Check out market updates

Eight Reasons People Can’t Buy a Home

Buying a home—especially if it’s your first—can involve numerous decisions. Here, offers some tips to make sure you don’t make some common mistakes that could wind up undermining your ability to purchase a house.

1. Don’t waiting to line up financing

Your first step in the home-buying process should be to meet with a mortgage lender to discuss your financing options. You never know what you can afford until you meet with a lender. Just because you think you can buy a $1 million house doesn’t mean you can actually get a loan to purchase a home that nice.

2. Never use a fly-by-night mortgage lender

Placing your trust in a bad lender can cause a deal to fall through, with sellers sometimes rejecting offers because of a buyer’s lender. Ensure your financing is rock-solid by asking your real estate agent for lender recommendations. And be sure to read up on the mortgage basics.
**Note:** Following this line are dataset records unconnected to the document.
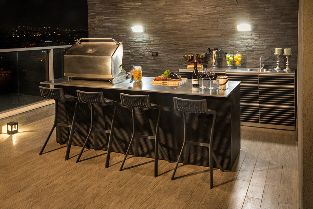 The Israel-based Segment development company combines aluminum with different materials to create a series of unique profiles that enable facade designs that are ever changing and fit perfectly to their client’s vision. One of the many advantages of the segment is the wide variety of profiles that can be used for varying applications. These aluminum profiles are very strong and durable and fit perfectly to withstand outdoor conditions in nearly any climate. As such, they are also great for wet areas and indoor applications. Ideal for use on outdoor kitchens and furniture, these pieces are constructed from modular bodies made of aluminum, 15mm in thickness, combined with other materials like wood, terrazzo, resista and more. Together they provide a strong, durable product that offers complete design freedom.
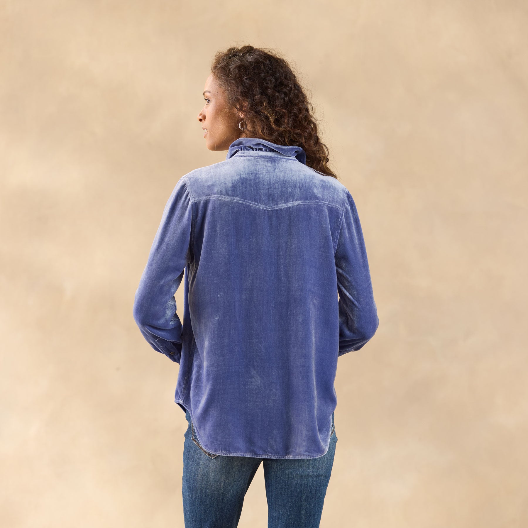 This Western inspired. soft velvet shirt is beautiful with ruffles at the neckline for a feminine twist. Two patch pockets. snap closure and bandana print detail inside. Viscose/silk. Dry clean. Imported. Exclusive. Sizes XS (0–2). S (4–6). M (8–10). L (12–14). XL (16–18). XXL (20–22). Approx. 26l.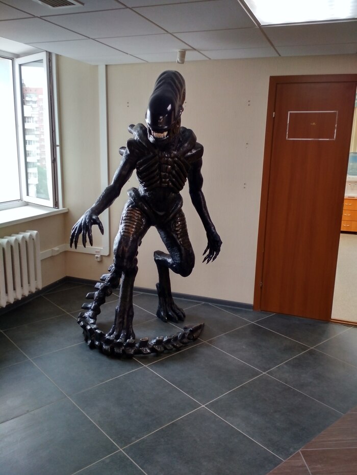 на одном из этажей была фирма по изготовлению детских площадок, делали изделия из пластика, и в один момент решили расширить производство и начали для эксперимента делать различные статуи и прочее, и вот по рассказу охранника произошёл очень забавный случай, дело было весной темнело еще рано он пришел на ночную смену, когда все ушли он пошел на обход, по зданию горело только дежурное освещение, и вот на этаже этой фирмы он видит в темноте в слабом освещении от окна силуэт, первая его мысль была что кто-то припозднился он решил подойти к "припозднившемуся" а когда понял что на него смотрит чуть не поймал сердечный приступ.

3. Get pre-qualified rather than pre-approved

Pre-qualification and pre-approval might sound similar, but they’re not. Essentially, anyone can get pre-qualified for a loan, because it only involves having a conversation with a lender about the state of your finances (no documents are exchanged). Meanwhile, getting pre-approved involves the lender gathering all necessary documentation (tax returns, bank statements, pay stubs and more), packaging the loan and submitting the file to an underwriter for review. If everything checks out, the lender will issue you a written commitment for financing up to a certain loan amount that’s good for up to 90 or 120 days.
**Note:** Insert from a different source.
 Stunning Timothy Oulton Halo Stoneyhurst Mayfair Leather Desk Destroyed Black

4. Stay within your price range

Resist the temptation to shop online for homes that are simply outside of your price range (for example, how much you’ve been pre-approved for).

5. Don’t make lowball offers in a seller’s market

Rely on your real estate agent to determine whether a house that you’re interested in has a fair listing price. (Your agent will do this by performing a comparative market analysis, which entails looking at recently sold properties that are comparable to the house that’s up for sale.) If a home is priced well, it might make sense to offer full price.

6. Never write a bad personal letter to the seller

If you’re competing against other buyers, writing the seller a personal letter can help strengthen your offer. But don’t overshare, in which case a letter can actually hurt your offer. Stick to the fact that you love the house and the neighborhood, and don’t get into personal details—such as the fact that you’ve lost out on other homes or want to remodel the dated kitchen.

7. Avoid making a big purchase while in escrow

Some home buyers make the mistake of opening new credit accounts while they’re in the process of buying a house. However, purchasing a big-ticket item such as a car or a boat while you’re buying a house can jeopardize your financing because your mortgage lender’s underwriter will re-evaluate your finances and recheck your credit report shortly before closing to determine that you’re still able to qualify for the loan.

8. Don’t forget to budget for closing costs

If you don’t have enough cash to cover closing costs, you won’t make it to settlement; and if that’s the case, you could lose your earnest money deposit. Make sure to get an estimate from your mortgage lender of what your closing costs will be before making an offer on a property. Closing costs vary widely by location, but they typically total 2 percent to 7 percent of the home’s purchase price. For example, your closing costs could come to $5,000 to $17,500 on a $250,000 home. Both buyers and sellers usually pitch in on closing costs, but buyers shoulder the share of the load (3 percent to 4 percent of the home’s price) compared with sellers (1 percent to 3 percent), so make sure you have enough cash on hand to pay your portion.